File-level hotspots (explicit, but these are now close to the defaults):
```bash
cargo run -- modules --manifest-path ../Cargo.toml -p walk --lib -n 25
```
Workspace sweep (summary-only):
```bash
cargo run -- modules-sweep --manifest-path ../Cargo.toml -p walk -p innr --lib
```
Use presets when you want a different “view” quickly:
```bash
# Item-level view, more verbose
cargo run -- modules --manifest-path ../Cargo.toml -p walk --lib --preset node-full -n 25
```
Failure semantics:
- Default: **continue on error** and report which packages failed.
- `--fail-fast`: stop on first failure.
- `--continue-on-error=false`: equivalent explicit form.
Caching:
- `modules`/`modules-sweep` cache `cargo modules dependencies` DOT output under `evals/pkgrank/modules_cache/`.
- Use `--cache-refresh` to force regeneration.
## MCP stdio server (Cursor)
`pkgrank mcp-stdio` runs an MCP server over stdio. Stdout is reserved for JSON-RPC frames.
Run:
```bash
cargo run -- mcp-stdio
```
Toolset selection (optional):
- Default: **slim** (small tool surface; “just works” for Cursor)
- Opt-in:
- `PKGRANK_MCP_TOOLSET=full` to expose advanced tools (e.g. module/type graph centrality)
- `PKGRANK_MCP_TOOLSET=debug` to also expose internal artifact-inspection tools
Environment (optional):
- `PKGRANK_ROOT`: default root directory for artifact-backed tools
- `PKGRANK_OUT`: default artifacts directory (default `evals/pkgrank`)
Tools (high level):
- Default (Cursor MCP): `pkgrank_view`, `pkgrank_triage`, `pkgrank_analyze`, `pkgrank_repo_detail`, `pkgrank_crate_detail`, `pkgrank_snapshot`, `pkgrank_compare_runs`
- Advanced (opt-in: `PKGRANK_MCP_TOOLSET=full`): `pkgrank_status`, `pkgrank_modules`, `pkgrank_modules_sweep`
- Debug (opt-in: `PKGRANK_MCP_TOOLSET=debug`): internal artifact-inspection tools (e.g. TLC tables, invariants list, PPR summaries)
## Tests (E2E targets)
- Default test suite is **offline/deterministic** and uses **local real targets** (the dev super-workspace itself).
- URL-backed tests (crates.io crawl) are **opt-in**:
- set `PKGRANK_E2E_NETWORK=1` before running tests.
## Invariants (must not drift)
- Edge meaning: $A \to B$ means “A depends on B”.
- Dependency kind gating: `--dev` / `--build` control whether those edges exist.

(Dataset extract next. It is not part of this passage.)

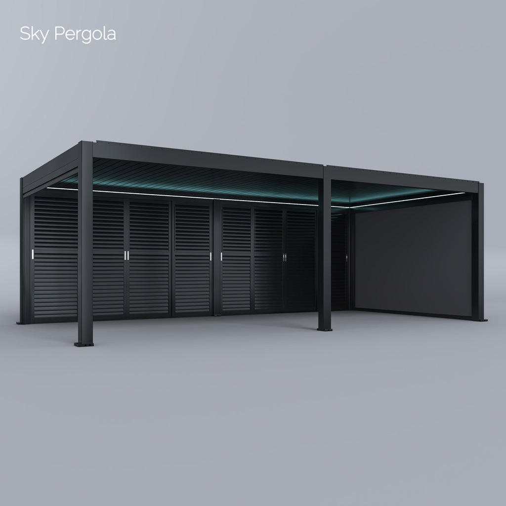 Welcome to the unveiling of our latest product series, the Pergola Skymax Ultra line, which inspires with its impressive design, illuminated slats and motorized functionality. As the ultimate high-end product, the Skymax Ultra line sets new standards in terms of elegance and innovation in our range. With this first -class pergola you can immerse yourself in a world full of luxury and comfort and enjoy incomparable outdoor moments.

- Workspace restriction: “workspace-only” means nodes/edges restricted to the current Cargo workspace members.
## User stories (what this is for)
These are the “real” workflows this tool is meant to serve.
- **Onboarding / orientation**: “What are the most central crates in this workspace? Who are the orchestrators?”
- Use: `pkgrank analyze` (metric `pagerank` vs `consumers-pagerank`) and `pkgrank triage`.
- **Dependency slimming / graph sanity**: “Why is this crate so central / so sticky? What depends on it?”
- Use: `pkgrank analyze --metric consumers-pagerank` + drill into origins and degrees; optionally generate artifacts via `pkgrank view`.
- **Refactor hotspots inside a crate**: “Which files/modules/items are the coupling hotspots?”
- Use: `pkgrank modules` with `--aggregate file` (hot files) or `--aggregate node` (hot items).
- **Workspace sweep**: “Run that hotspot scan across a bunch of crates and summarize failures/results.”
- Use: `pkgrank modules-sweep` (summary-only by default).
- **Shareable artifacts**: “Write an HTML snapshot I can point people at.”
- Use: `pkgrank view` / `pkgrank sweep-local`.
Evidence pointers (qualitative):
- Community demand for “internal dependency graph visualization” (rust-analyzer crate graph is commonly suggested): `https://www.reddit.com/r/rust/comments/x04zko/visualizing_internal_dependencies_as_a_graph/`
- Cursor’s framing of MCP: “connect to external tools and data sources” (so MCP tends to be used for “triage + drilldown”): `https://cursor.com/docs/context/mcp`
- Cargo’s own `cargo tree` docs emphasize dependency display, reverse-deps (`--invert`), and “duplicates” as a common pain point: `https://doc.rust-lang.org/cargo/commands/cargo-tree.html`
## Dependencies / integration notes
- `pkgrank` includes its centrality algorithms internally (PageRank / PPR / betweenness / reachability),
to stay buildable as a standalone repo (no cross-repo path deps).